Question

Explain what happens in the Lomuto partition when there is a lot of the same elements in the input and justify the consequences it has for the time complexity of Quicksort.

Answer 1

Lomuto’s Partition Scheme

This scheme chooses a pivot that is typically the last element in the array. The algorithm maintains index i as it scans the array using another index j such that the elements lo through i (inclusive) are less than or equal to the pivot, and the elements i+1 through j-1 (inclusive) are greater than the pivot. As this scheme is more compact and easy to understand, it is frequently used in introductory material, although it is less efficient than Hoare's original scheme.

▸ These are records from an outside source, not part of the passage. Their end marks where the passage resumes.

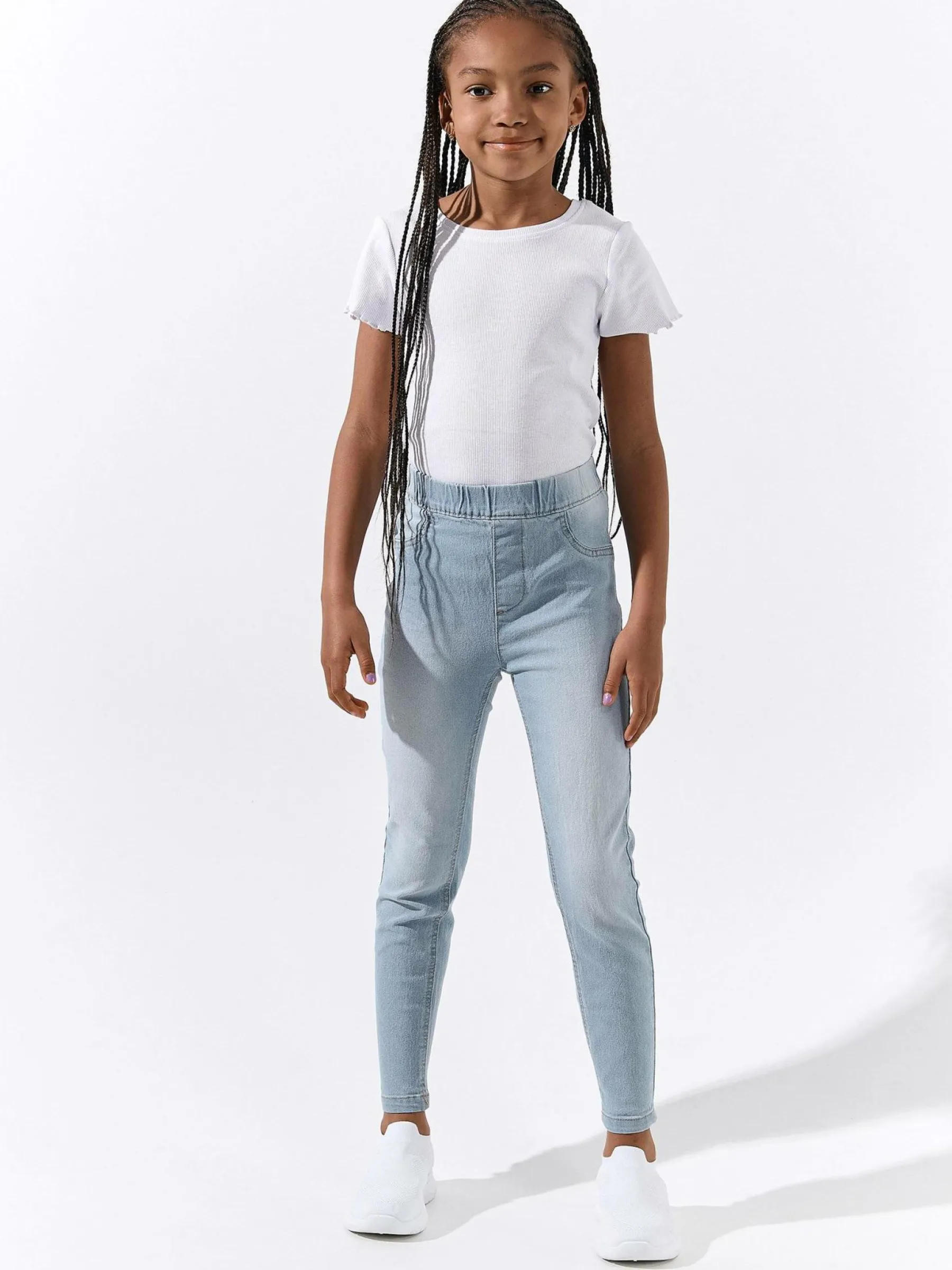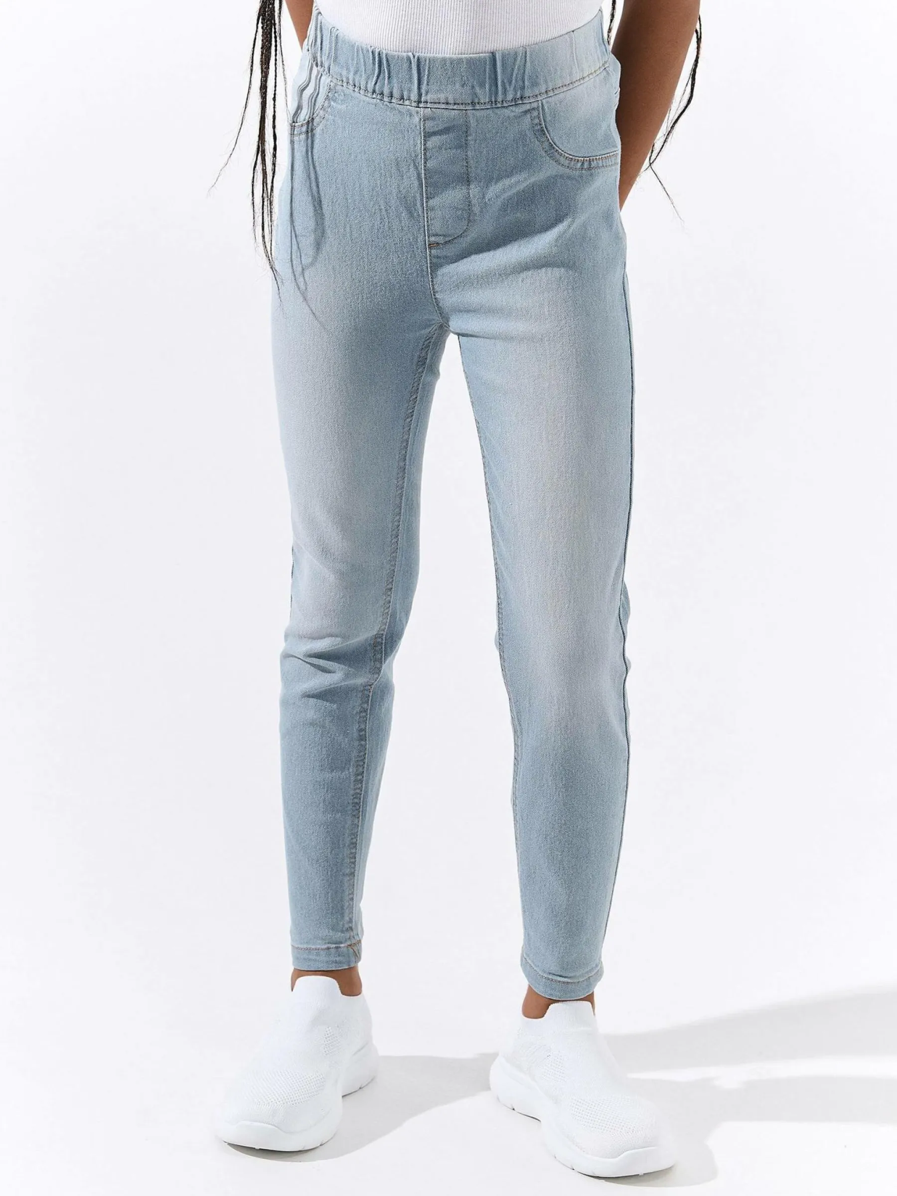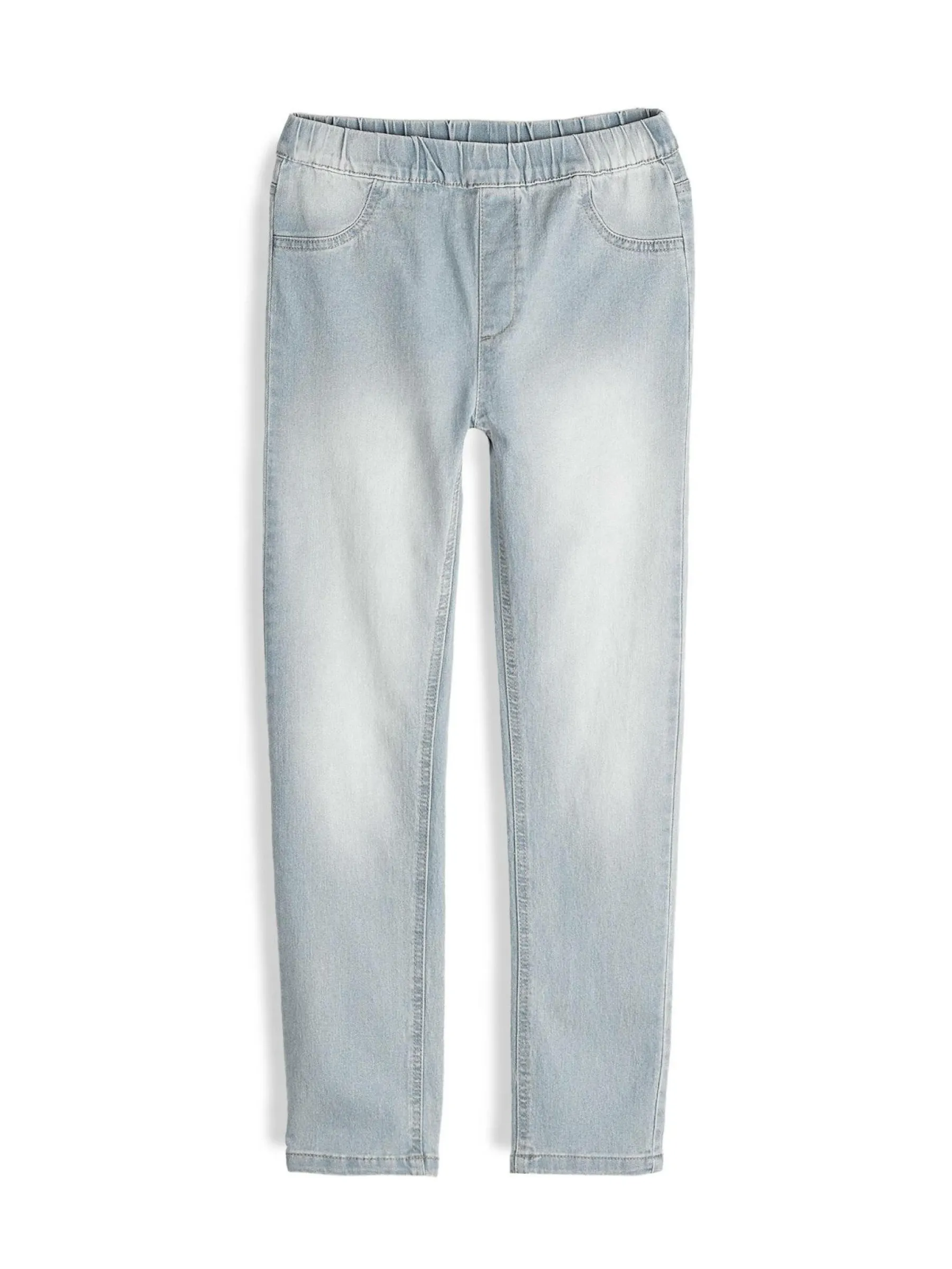 Kolor: niebieskiKrój: skinnyTyp: jeansDługość: dlugiePattern style: pojedynczy kolorDetal: z elastyczną opaskąMate…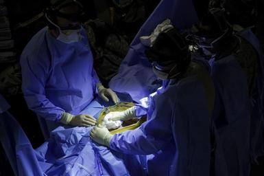 | Keywords: 140117-F-RW714-754 (12101803633).jpg From left U S Air Force Lt Col Richard Degrosa an emergency room doctor; Lt Col Gerald Fortuna a trauma surgeon; and Master Sgt Jose Arias-Patino an operating room surgical technician all with the 86th Medical Group perform a simulated exploratory laparotomy in-flight surgery aboard a C-17 Globemaster III aircraft during the Joint Readiness Training Center 14-03 field training exercise at Fort Polk La Jan 17 2014 The training was designed to educate Service members in patient care and aeromedical evacuations in combat environments DoD photo by Tech Sgt Matthew Smith U S Air Force/Released https //www flickr com/photos/39955793 N07/12101803633/ 140117-F-RW714-754 2014-01-17 20 08 https //www flickr com/people/39955793 N07 U S Department of Defense Current Photos PD-USGov U S Department of Defense Current Photos https //flickr com/photos/39955793 N07/12101803633 2016-09-03 07 37 05 United States Government Work 4th Combat Camera Squadron United States Air Force Combat Fort Polk Louisiana Medical Surgery Boeing C-17 Globemaster III United States Department of Defense |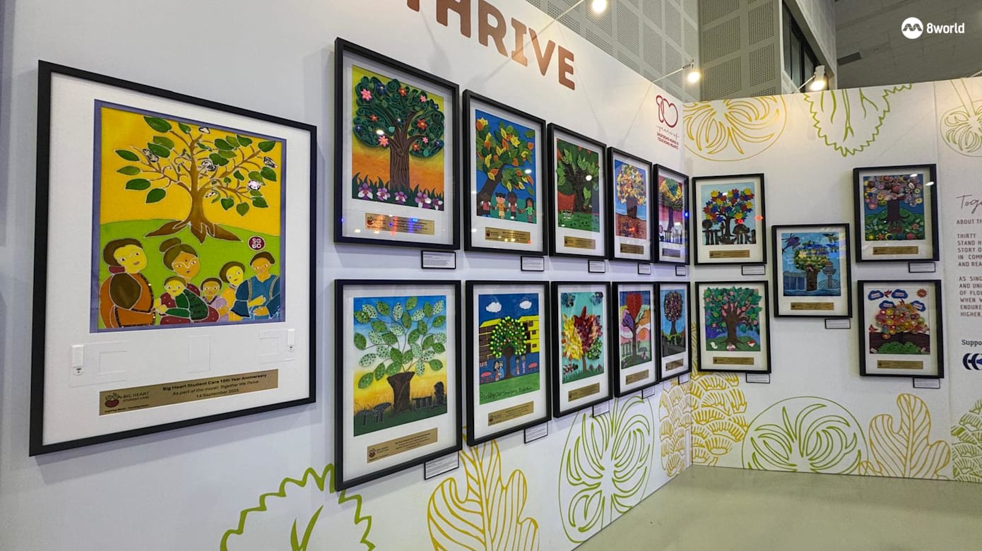 活动还特别设置了一组由30幅画作组成的集体艺术装置,展现了童心学生托管中心所倡导的多元与团结精神。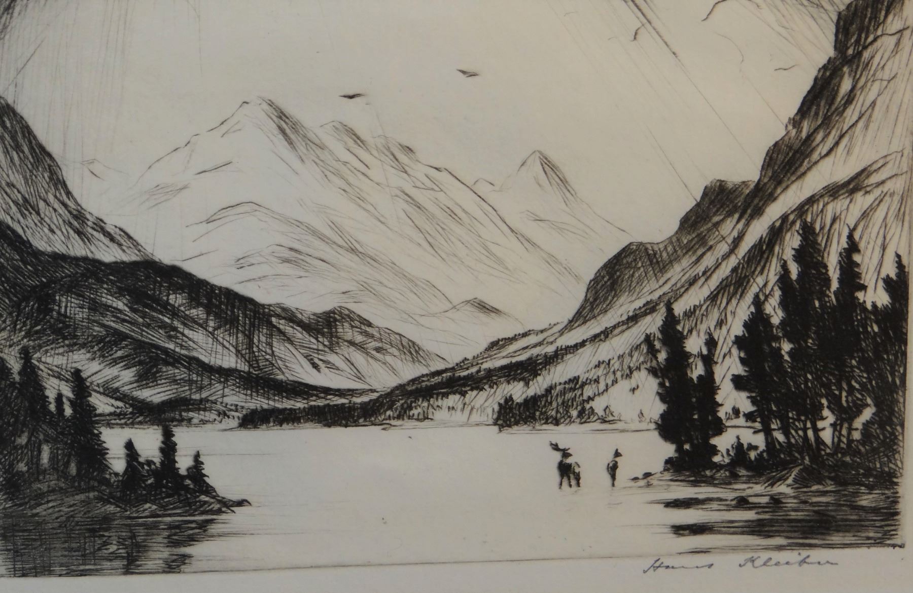 Kleiber, Hans etching, Elk In Lake, 4 1/2" x 6"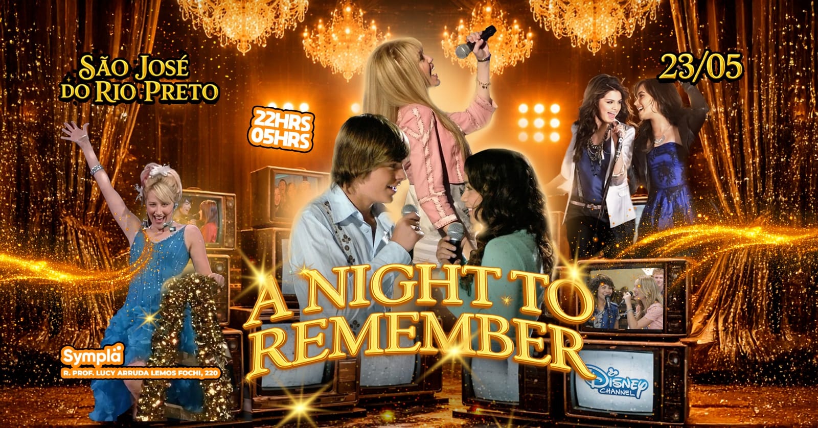 E é claro, ao som dos maiores hits dos anos 2000/2010: High School Musical, Hannah Montana, Camp Rock, The Cheetah Girls, Jonas Brothers, Miley Cyrus, Demi Lovato, Selena Gomez, Teen Beach Movie, Lemonade Mouth, Vanessa Hudgens, Ashley Tisdale entre outros… Além de aberturas das séries e trilhas sonoras de filmes que marcaram a nossa geração…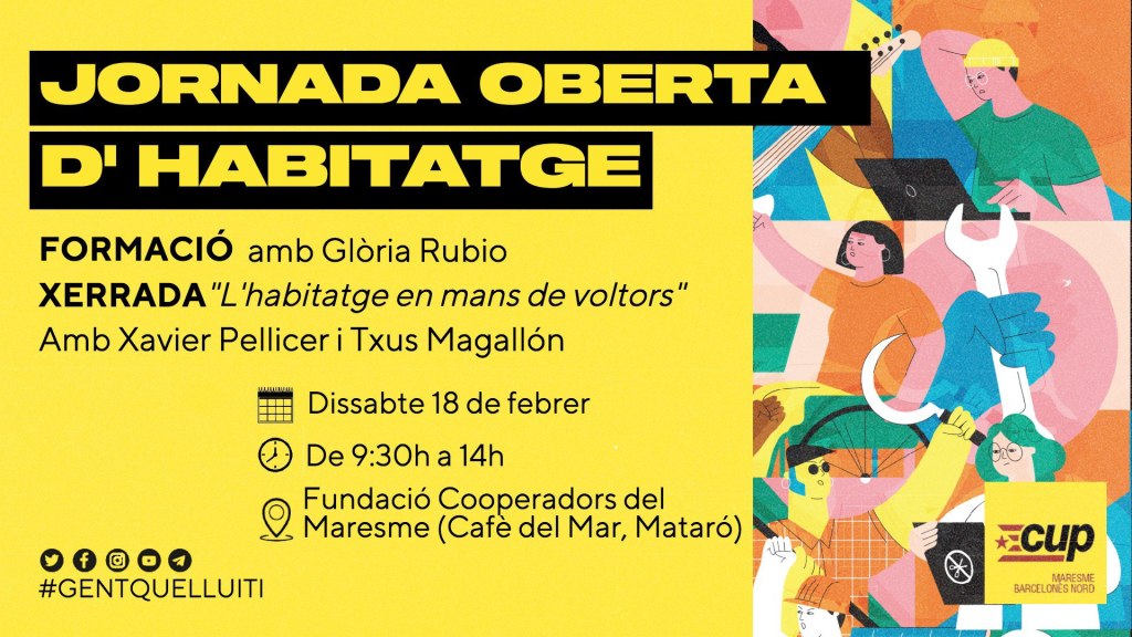 - Dissabte 18 de febrer de 9:30h a 14h al Cafè del Mar de Mataró, jornada oberta d’habitatge on estan convidades totes les persones, entitats i col·lectius involucrats en aquesta lluita. Està organtizada per la Territorial de la CUP-Maresme Barcelonès Nord i el formulari d’inscripció és aquest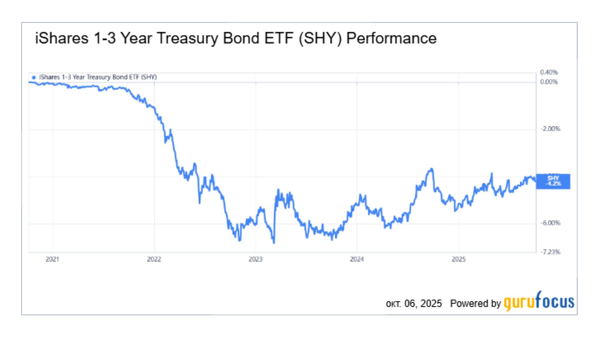 Динамика ETF SHY (1–3-летние казначейские облигации США) за последние 5 лет. Источник – gurufocus.com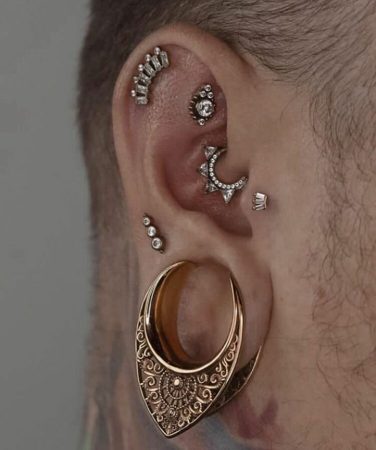Types of body piercing:ears, face, tongue, navel, chest, intimate, nose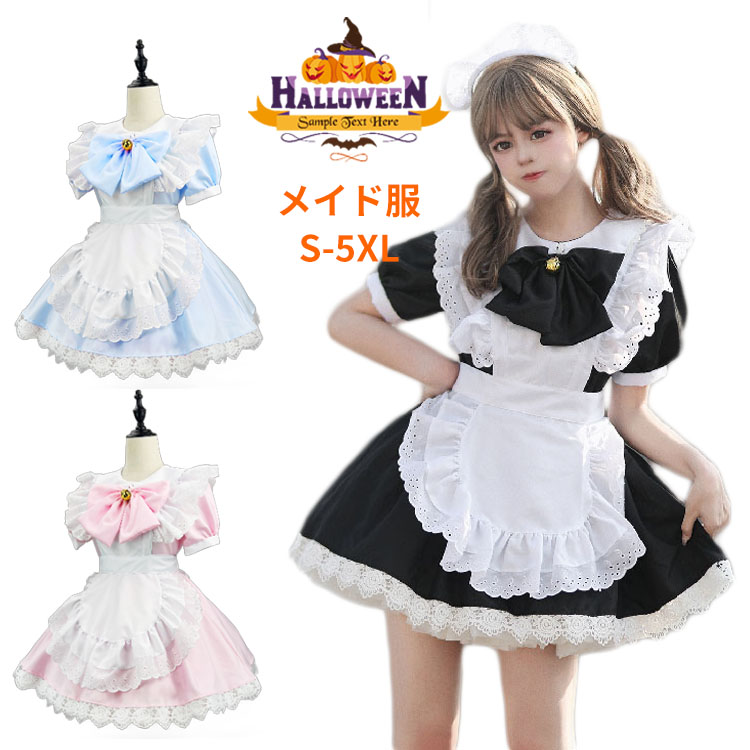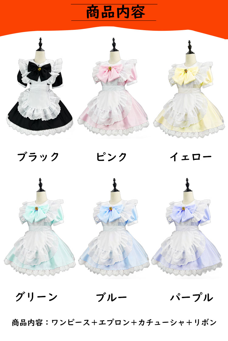 ハロウィン 衣装 メイド服 可愛い コ コスプレ 変装 仮装 ワンピース 通販 (画像色)ブラック (画像色)ピンク (画像色)イェロー (画像色)グリーン (画像色)ブルー (画像色)パープル S M L XL 2XL 3XL 4XL 5XL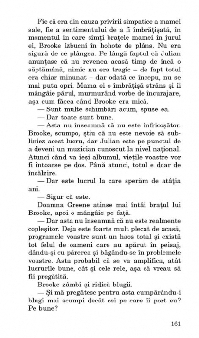 In cel mai recent roman al sau, Lauren Weisberger abordeaza cu subtilitate si umor teme de actualitate precum pretul succesului in societatea contemporana si efectele dezastruoase ale faimei asupra relatiilor de cuplu, descriind peripetiile amuzante prin care trece o pereche proaspat casatorita, a carei fericire incepe sa se clatine sub presiunea celebritatii capatate peste noapte. Brooke si sotul ei duc o viata vesela si multumita in New York, insa lucrurile iau o intorsatura dramatica in momentul in care cariera de muzician a lui Julian incepe sa ia avint – cei doi se vad tot mai rar din cauza plecarilor lui in turnee, se trezesc hartuiti fara incetare de paparazzi si ajung sa descopere ca intimitatea incintatoare a relatiei lor a disparut. Captivant si tulburator, romanul lui Lauren Weisberger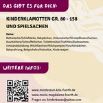 AdresseÖkumenisches ZentrumGerhart-Hauptmann-Straße 21, 90763 FürthRiesen Auswahl an Spielsachen und Klamotten für dein Kind! 📅 Termine: 13.03.2026: 18:00 – 19:30 Uhr 1..weitere InformationenRiesen Auswahl an Spielsachen und Klamotten für dein Kind!Details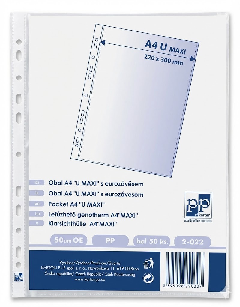 • Formát: A4 MAXI (šířka 220 mm, výška 300 mm)• Typ obalu: "U" (otevřený nahoře)
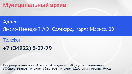 Муниципальный архив по адресу Ямало-Ненецкий АО, Салехард, Карла Маркса, 23 в дальнейшем Организация, размещена в следующих категориях:

This scheme degrades to O(n²) when the array is already in order.^[10] There have been various variants proposed to boost performance including various ways to select pivot, deal with equal elements, use other sorting algorithms such as Insertion sort for small arrays and so on. In pseudocode, a quicksort that sorts elements lo through hi (inclusive) of an array A can be expressed as:

algorithm quicksort(A, lo, hi) is
    if lo < hi then
        p := partition(A, lo, hi)
        quicksort(A, lo, p - 1)
        quicksort(A, p + 1, hi)

algorithm partition(A, lo, hi) is
    pivot := A[hi]
    i := lo
    for j := lo to hi - 1 do
        if A[j] < pivot then
            swap A[i] with A[j]
            i := i + 1
    swap A[i] with A[hi]
    return i

Sorting the entire array is accomplished by quicksort(A, 0, length(A) - 1).

Consequences of Lomuto's algorithm

When all the elements of the array are same, then Lomuto's algorithm will result in n² comparisons and hence, the complexity of quick sort will become O(n²)